Amityville Rights Holders Look To “Get Out” Of The Weinstein Co. Bankruptcy Sale

The Lutz family, whose experiences in the haunted house inspired The Amityville Horror book and motion pictures, is looking to get out of The Weinstein Company’s bankruptcy sale.

The family’s Amityville Enterprises says Dimension Films’ option to develop motion pictures or TV shows based their encounters with paranormal activity in the Long Island home expired on February 8, a month before Weinstein Co. filed for bankruptcy.

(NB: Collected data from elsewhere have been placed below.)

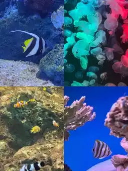 You will see colorful jellyfish floating around in a clear tank.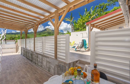 - An 8 m² terrace with clothes line and furniture to enjoy the warm weather and a breathtaking view of Mount Pelée (from the pool), recently listed as a UNESCO World Heritage Site.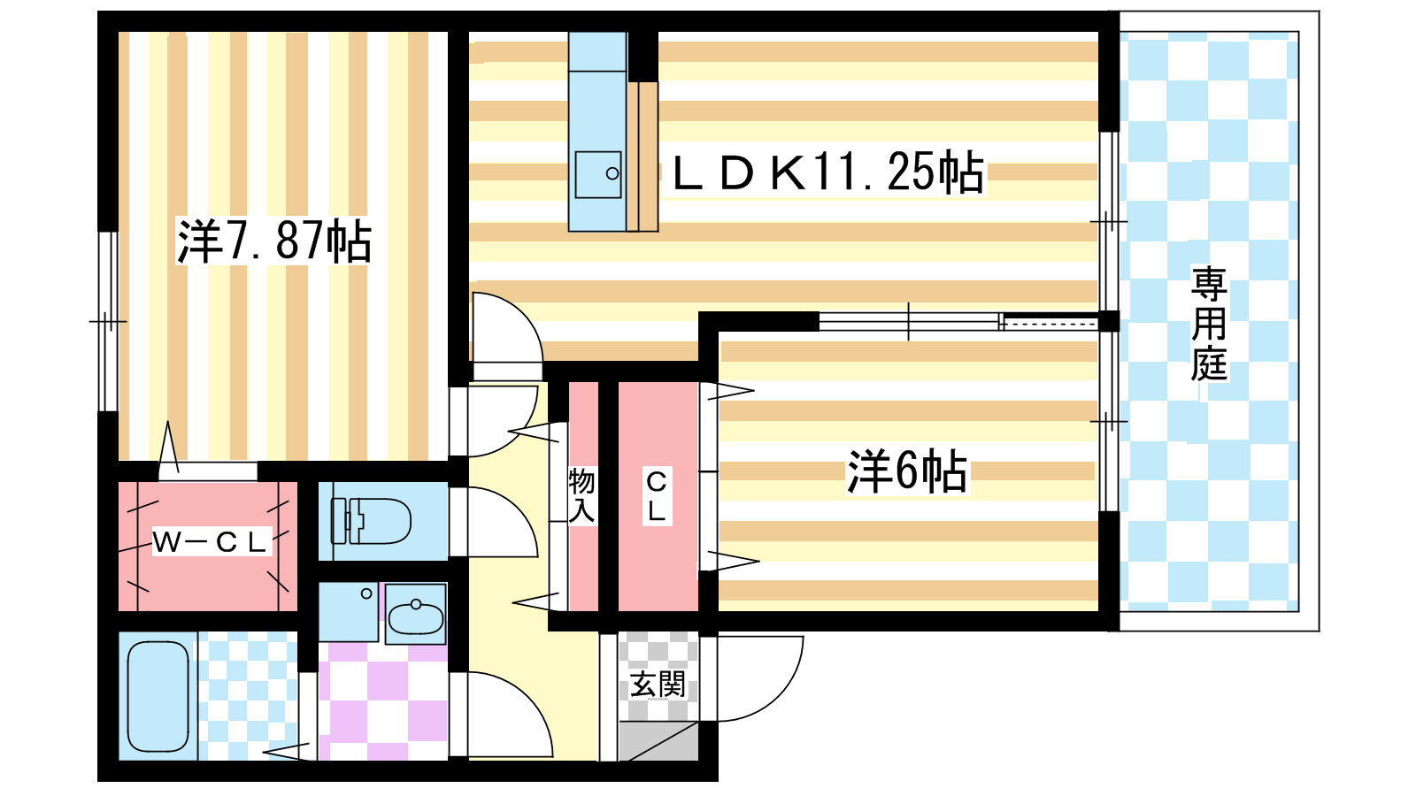 - 洋室7.87帖、洋室6帖、LDK10.25帖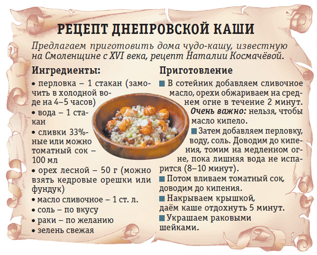 Днепровскую кашу приготовила команда смоленских поваров по рецепту победителя «Русского поля» 2021 г. Наталии Космачёвой — рецепт этого блюда она подбирала долгое время, руководствуясь архивами и устными рассказами старожилов Смоленщины.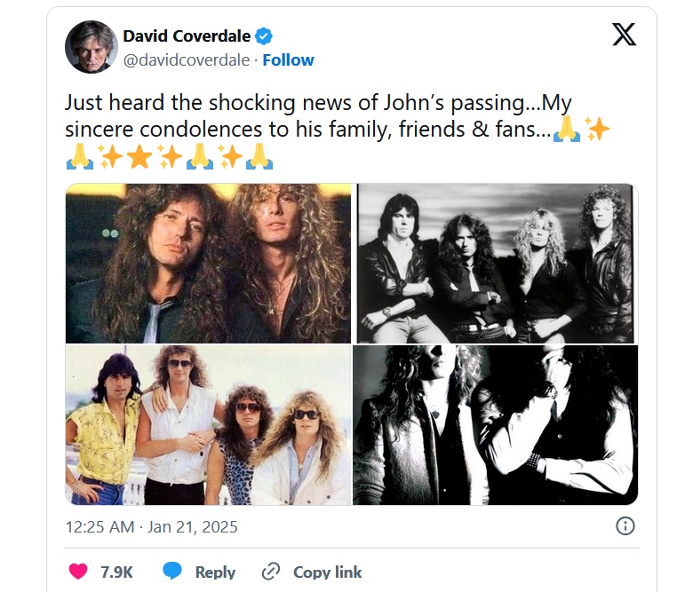 Дейвид Ковърдейл отдаде почит на Сайкс като сподели редица снимки заедно с него в разцвета на Whitesnake. „Току-що чух шокиращата новина за смъртта на Джон. Моите искрени съболезнования на неговото семейство, приятели и феновe”, написа звездата.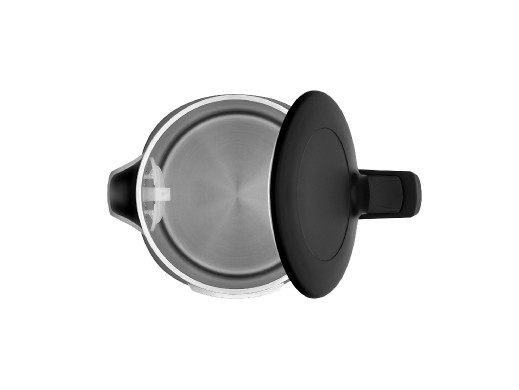 Czajnik jest wyposażony w praktyczny przycisk do łatwego otwierania pokrywy jednym naciśnięciem, co znacznie ułatwia jego napełnianie wodą. Gładkie dno z ukrytą grzałką minimalizuje osadzanie się kamienia i zanieczyszczeń. W pełni obrotowa podstawa umożliwia wygodne ustawienie czajnika z dowolnej strony, a jednocześnie zapewnia miejsce do przechowywania nadmiaru przewodu, dzięki czemu blat kuchenny pozostaje przejrzysty i uporządkowany.

It has filed legal documents asking the bankruptcy court judge to withdraw the option rights from the court-supervised sale of the company’s assets.

Dimension Films

George Lutz said he entered into an agreement with Weinstein’s Dimension Films in 2002 to develop a sequel to the successful 1979 film The Amityville Horror. That initial agreement was modified to contemplate more than one film production or TV series.

Time ultimately ran out on those rights, which reverted to Lutz on October 31, 2009.

The Weinstein Co. entered into a subsequent agreement that gave it the option to develop a feature-length film within 36 months. It exercised the option in May 2011 and, in early 2014, began filming Amityville: The Awakening.

Principal filming concluded in May 2014, but the Weinstein Co. delayed release of the picture for years — ultimately offering it free on Google Play and in a limited, one-day theatrical run in just 10 theaters. Published reports estimated the project brought in a mere $800 versus the $86 million box office for the original film.

The 2011 agreement grants The Weinstein Co. the option of a sequel, which is to commence filming within 36 months of the initial commercial release of Amityville: The Awakening or 45 months after completion of principal photography — whichever is earlier.

The Lutz family argues that the clock should start with the filming of Amityville: The Awakening — meaning The Weinstein Co.’s rights expired on February 9. The studio also failed to exercise the option to extend the production deadline by another year, at the cost of $125,000.

After The Weinstein Co. filed for bankruptcy, Amityville Enterprises said received notice that Lantern Entertainment or some other bidder would assume rights to future productions. Amityville Enterprises responded that those rights had reverted to the estate of George Lutz, but it’s received no response.

The family asks the court determine to that Amityville rights can’t be sold as a Weinstein Co. asset.